Exercise requirements
Here is the task for the listing below: output exactly the lines from the one containing "Uhr, Vintage Männeruhr" through the one containing "The ranch you've", and leave out the pictures.

Material to process
# # # #

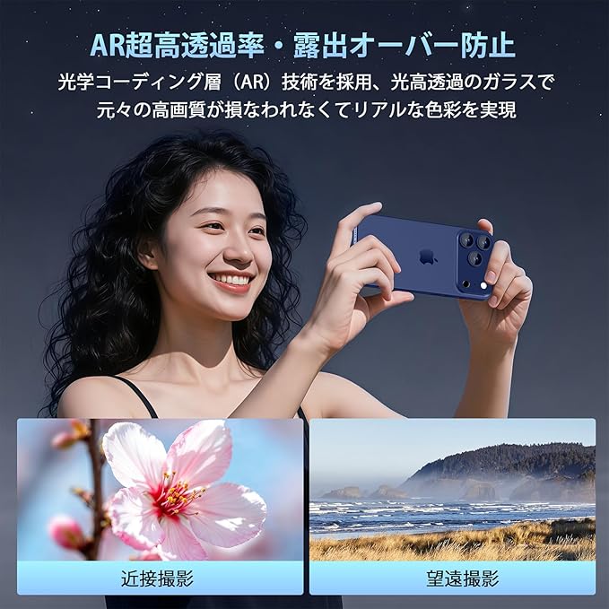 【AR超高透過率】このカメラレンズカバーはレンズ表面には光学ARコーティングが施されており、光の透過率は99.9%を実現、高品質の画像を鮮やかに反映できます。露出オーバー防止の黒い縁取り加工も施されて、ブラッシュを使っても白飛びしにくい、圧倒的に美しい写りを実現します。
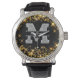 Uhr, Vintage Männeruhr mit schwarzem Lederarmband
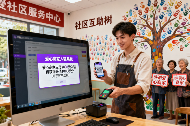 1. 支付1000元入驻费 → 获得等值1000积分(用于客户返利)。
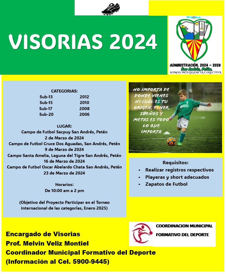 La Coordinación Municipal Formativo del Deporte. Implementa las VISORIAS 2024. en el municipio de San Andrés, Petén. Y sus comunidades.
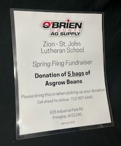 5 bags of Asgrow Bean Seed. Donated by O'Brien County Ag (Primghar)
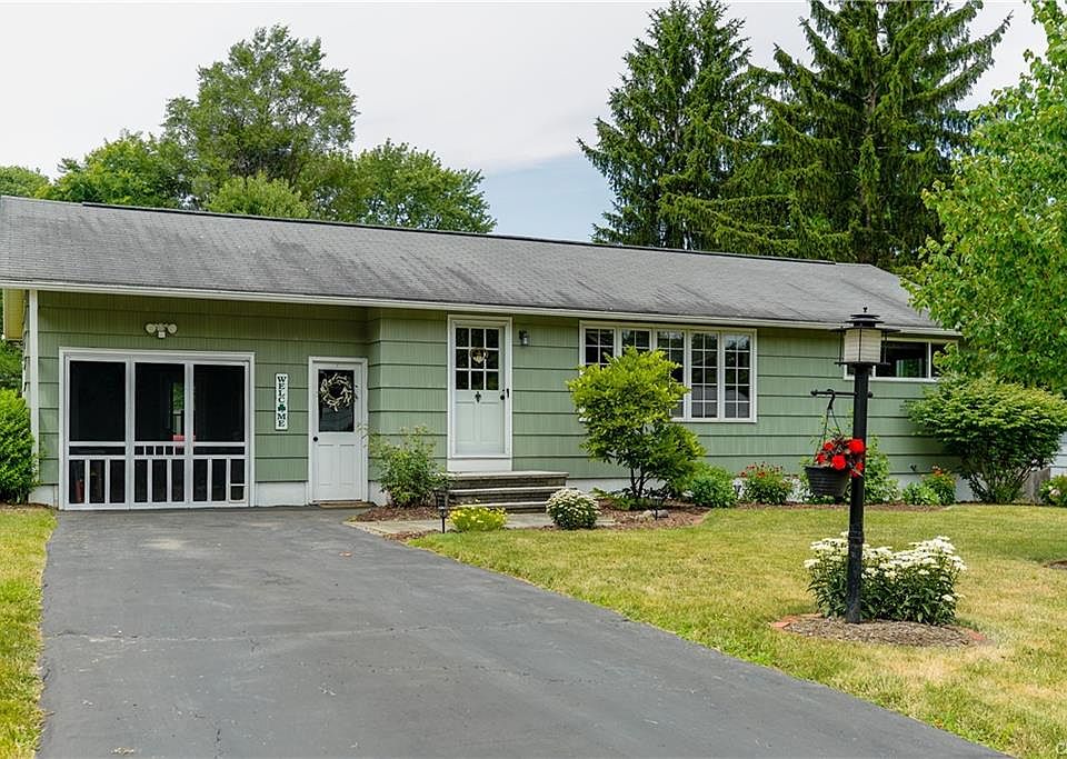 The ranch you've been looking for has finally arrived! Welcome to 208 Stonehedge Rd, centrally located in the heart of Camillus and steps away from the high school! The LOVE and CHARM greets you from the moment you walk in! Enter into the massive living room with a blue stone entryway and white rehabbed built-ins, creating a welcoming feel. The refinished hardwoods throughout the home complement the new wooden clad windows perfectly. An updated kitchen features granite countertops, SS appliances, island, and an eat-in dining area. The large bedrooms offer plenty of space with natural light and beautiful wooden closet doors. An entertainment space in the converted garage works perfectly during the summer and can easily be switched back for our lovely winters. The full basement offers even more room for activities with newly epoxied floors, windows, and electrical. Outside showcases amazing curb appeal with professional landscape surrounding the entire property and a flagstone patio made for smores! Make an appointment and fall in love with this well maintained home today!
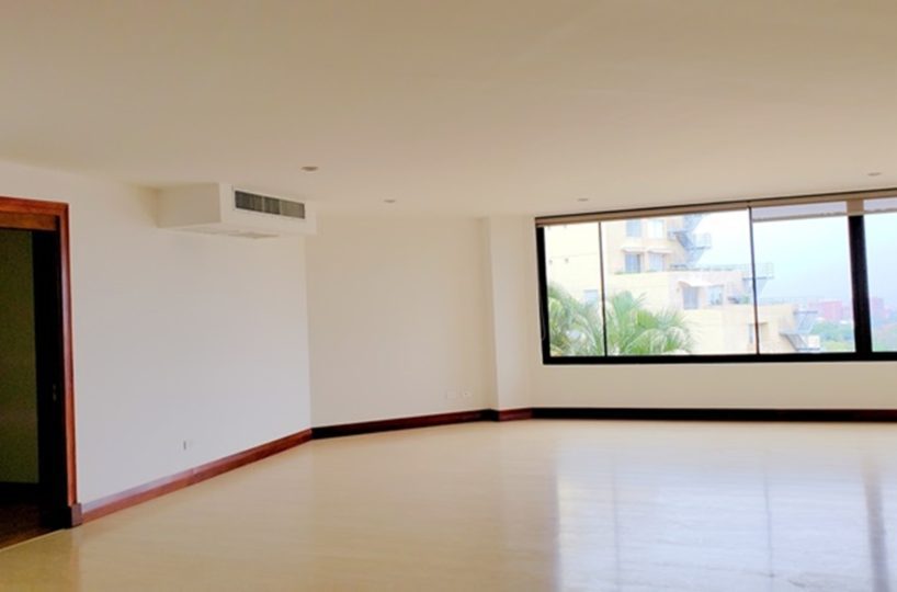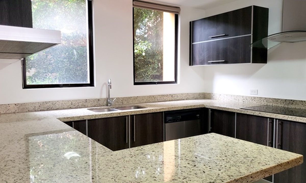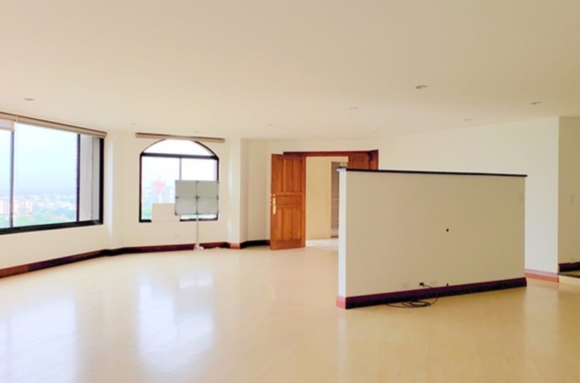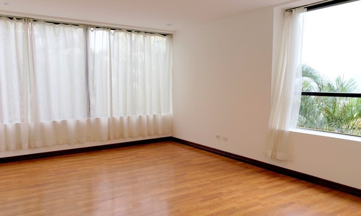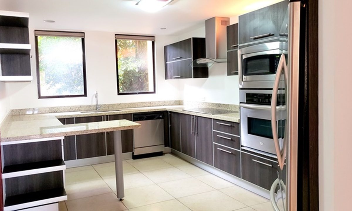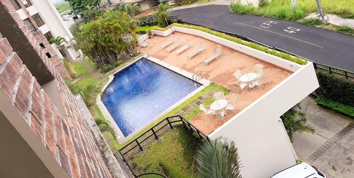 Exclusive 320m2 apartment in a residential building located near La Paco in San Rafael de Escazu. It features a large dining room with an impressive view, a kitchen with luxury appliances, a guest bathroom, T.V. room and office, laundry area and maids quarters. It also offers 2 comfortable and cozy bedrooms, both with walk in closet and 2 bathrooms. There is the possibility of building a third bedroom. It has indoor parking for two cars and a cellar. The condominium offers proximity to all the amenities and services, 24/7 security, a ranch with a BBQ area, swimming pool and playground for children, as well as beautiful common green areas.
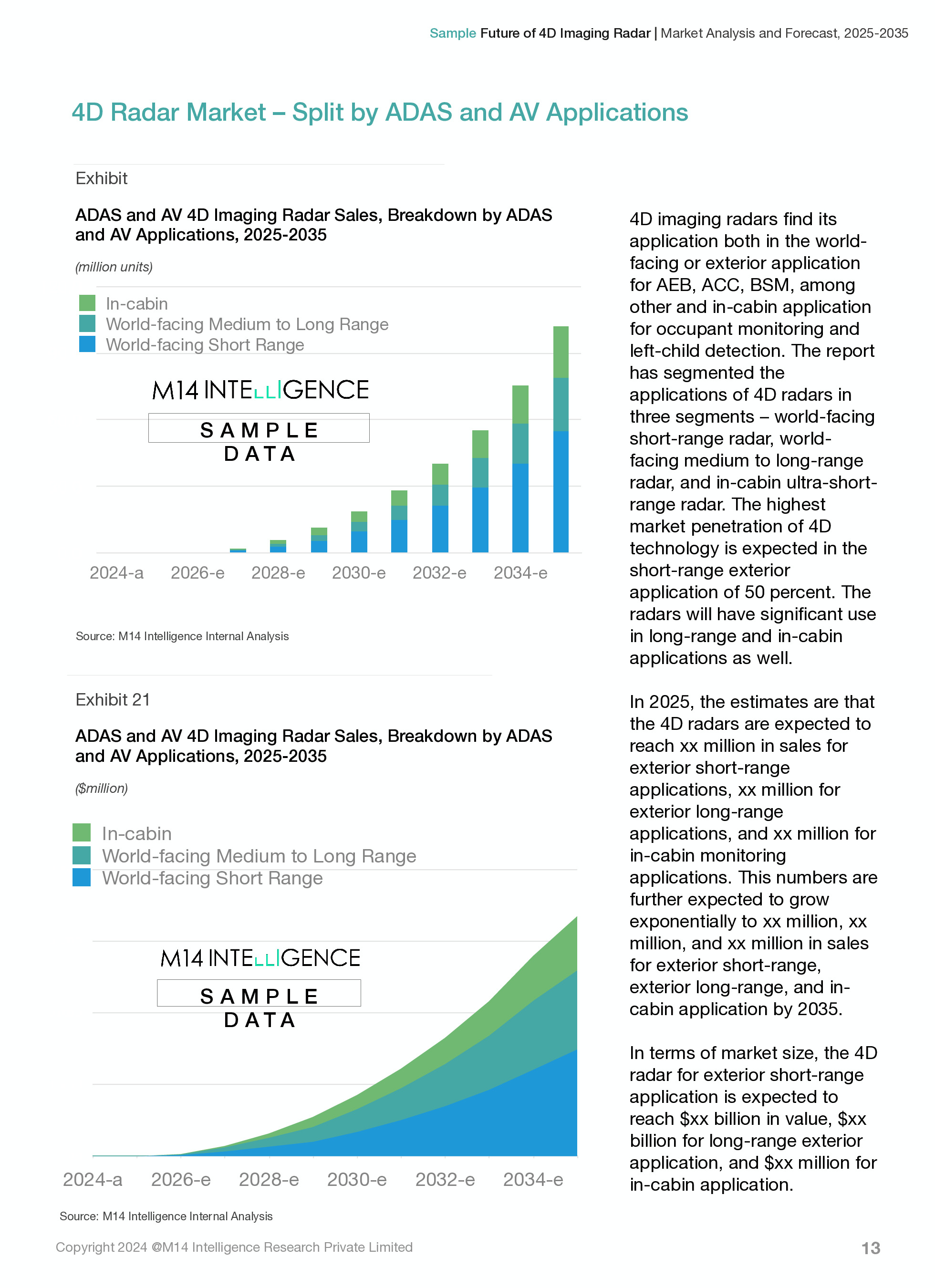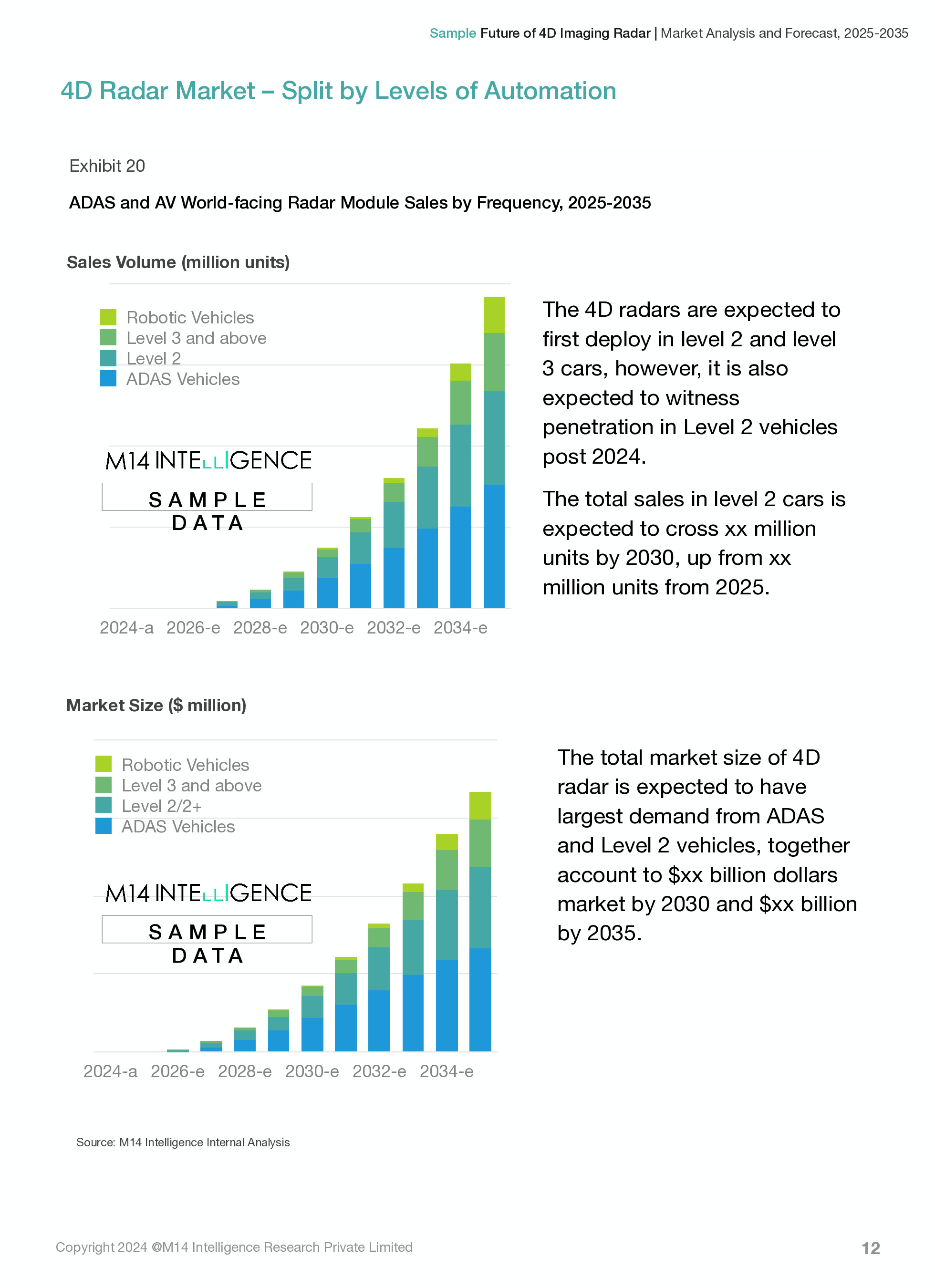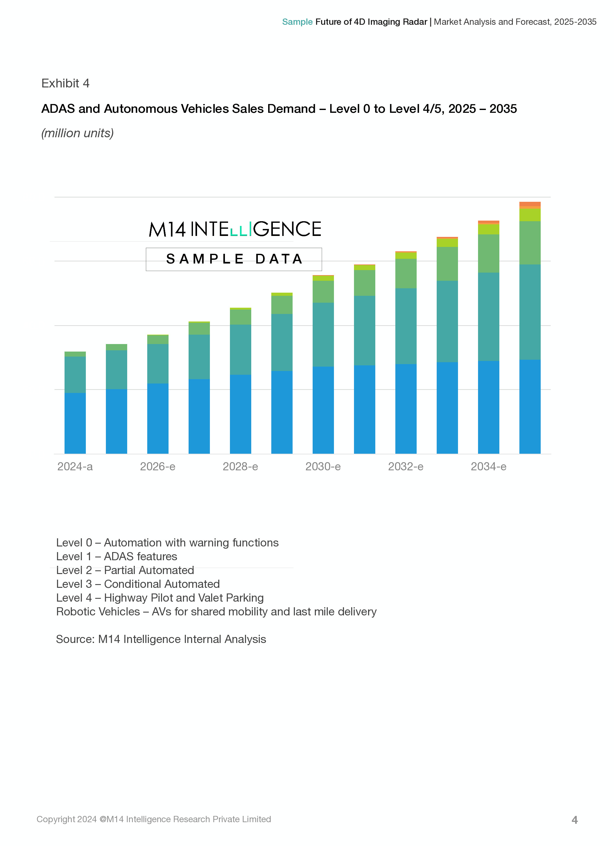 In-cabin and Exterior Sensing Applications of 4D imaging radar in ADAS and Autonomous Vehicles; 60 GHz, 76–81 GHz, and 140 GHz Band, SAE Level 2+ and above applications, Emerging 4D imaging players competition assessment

# # # #

Reply to the exercise
 Uhr, Vintage Männeruhr mit schwarzem Lederarmband
 1. 支付1000元入驻费 → 获得等值1000积分(用于客户返利)。
 La Coordinación Municipal Formativo del Deporte. Implementa las VISORIAS 2024. en el municipio de San Andrés, Petén. Y sus comunidades.
 5 bags of Asgrow Bean Seed. Donated by O'Brien County Ag (Primghar)
 The ranch you've been looking for has finally arrived! Welcome to 208 Stonehedge Rd, centrally located in the heart of Camillus and steps away from the high school! The LOVE and CHARM greets you from the moment you walk in! Enter into the massive living room with a blue stone entryway and white rehabbed built-ins, creating a welcoming feel. The refinished hardwoods throughout the home complement the new wooden clad windows perfectly. An updated kitchen features granite countertops, SS appliances, island, and an eat-in dining area. The large bedrooms offer plenty of space with natural light and beautiful wooden closet doors. An entertainment space in the converted garage works perfectly during the summer and can easily be switched back for our lovely winters. The full basement offers even more room for activities with newly epoxied floors, windows, and electrical. Outside showcases amazing curb appeal with professional landscape surrounding the entire property and a flagstone patio made for smores! Make an appointment and fall in love with this well maintained home today!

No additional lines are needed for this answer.